*Task directions*: Before you return the lines below, strip out any images and keep every word as written.

*Dataset extract*:

----

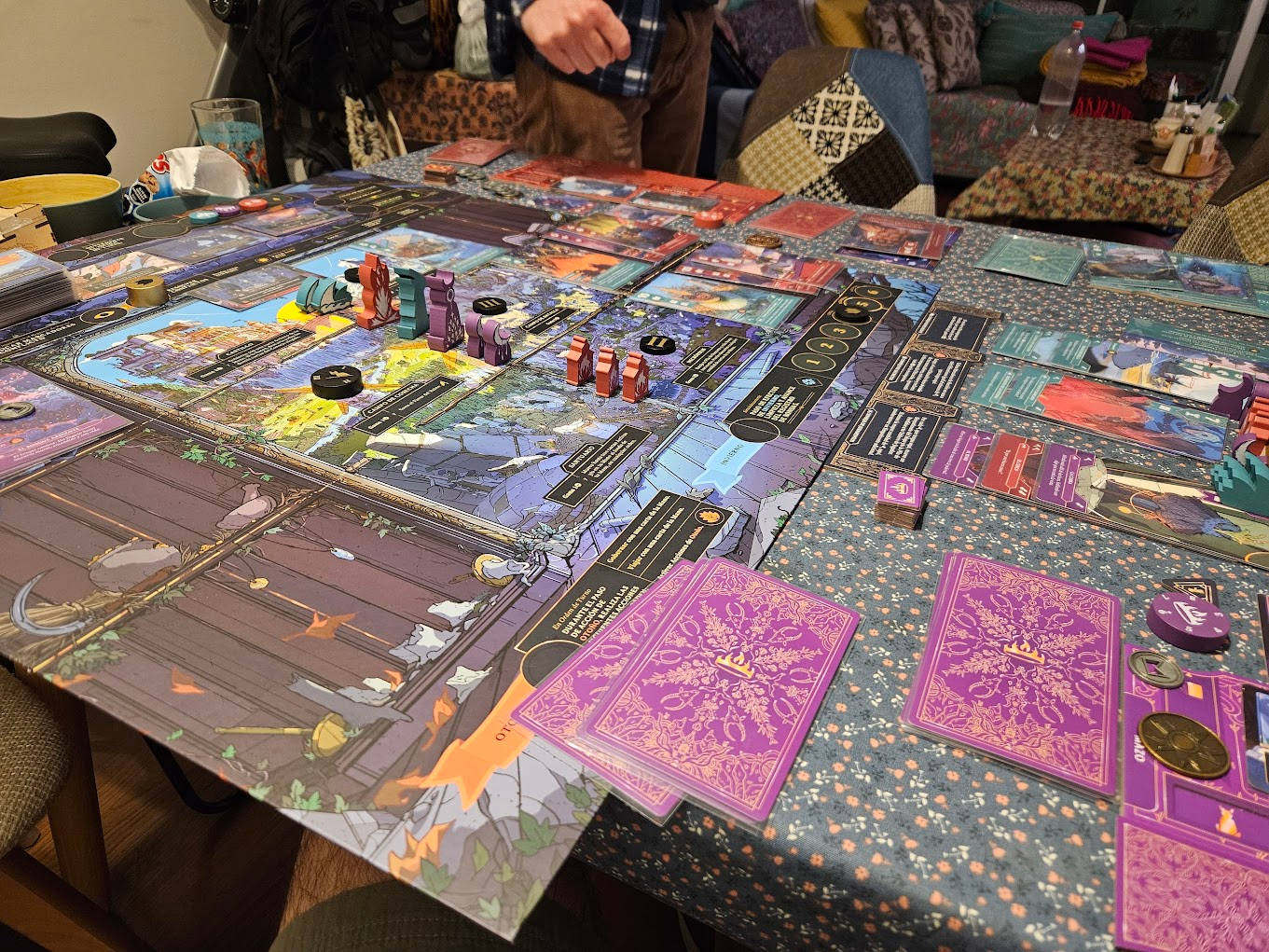 Todo esto envuelto en una serie de mecánicas que te permiten activar habilidades que cambian las reglas del juego en cada fase, y en un arte que llena de detalles el tablero y las cartas, el juego hace uso de un espacio titánico en la mesa solo para lucir el arte de las cartas.
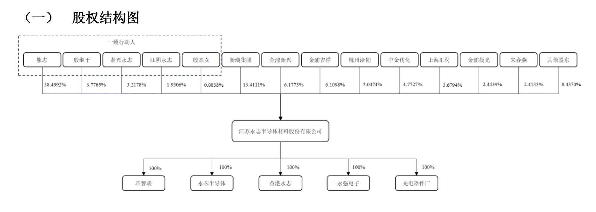 据公开转让说明书显示,永志股份实际控制人为熊志,熊志直接持有公司38.5%股份,并担任江阴永志、泰兴永志执行事务合伙人,合计控制公司4946.66万股股份的表决权,占比43.65%。此外,其一致行动人殷继平、殷杰女分别直接持有公司3.78%、0.08%的股份。熊志系殷继平姐夫、殷杰女之配偶。
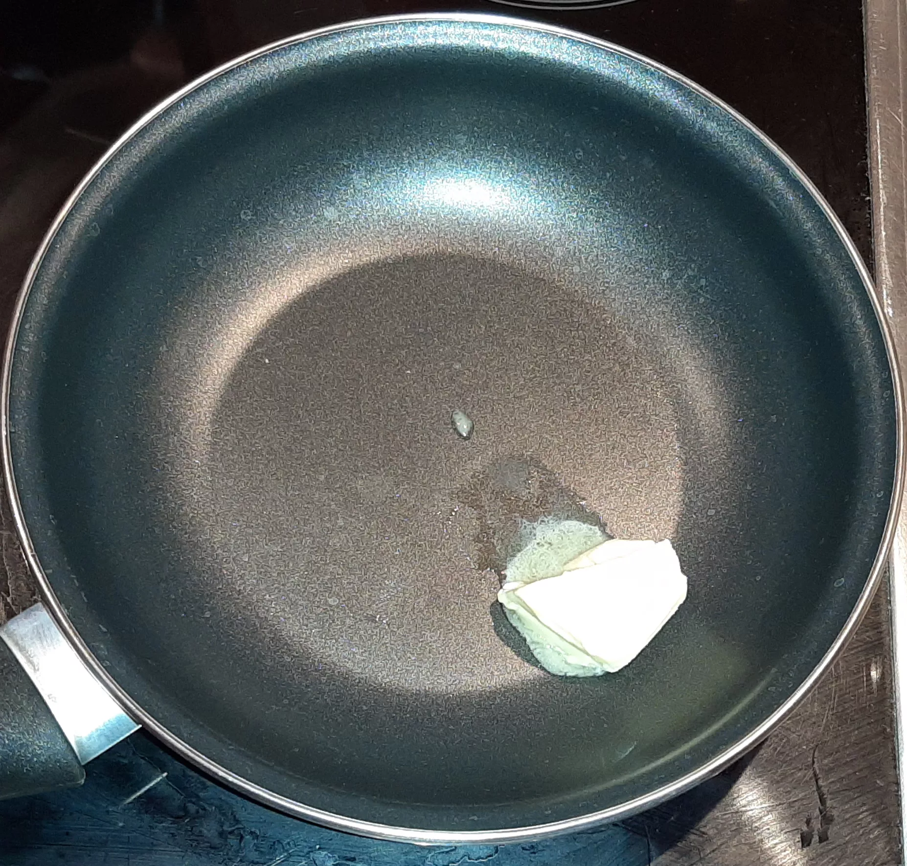 Puis, faire fondre 20 grammes de beure dans une poêle

----

*Result of this exercise*:
 Todo esto envuelto en una serie de mecánicas que te permiten activar habilidades que cambian las reglas del juego en cada fase, y en un arte que llena de detalles el tablero y las cartas, el juego hace uso de un espacio titánico en la mesa solo para lucir el arte de las cartas.
 据公开转让说明书显示,永志股份实际控制人为熊志,熊志直接持有公司38.5%股份,并担任江阴永志、泰兴永志执行事务合伙人,合计控制公司4946.66万股股份的表决权,占比43.65%。此外,其一致行动人殷继平、殷杰女分别直接持有公司3.78%、0.08%的股份。熊志系殷继平姐夫、殷杰女之配偶。
 Puis, faire fondre 20 grammes de beure dans une poêle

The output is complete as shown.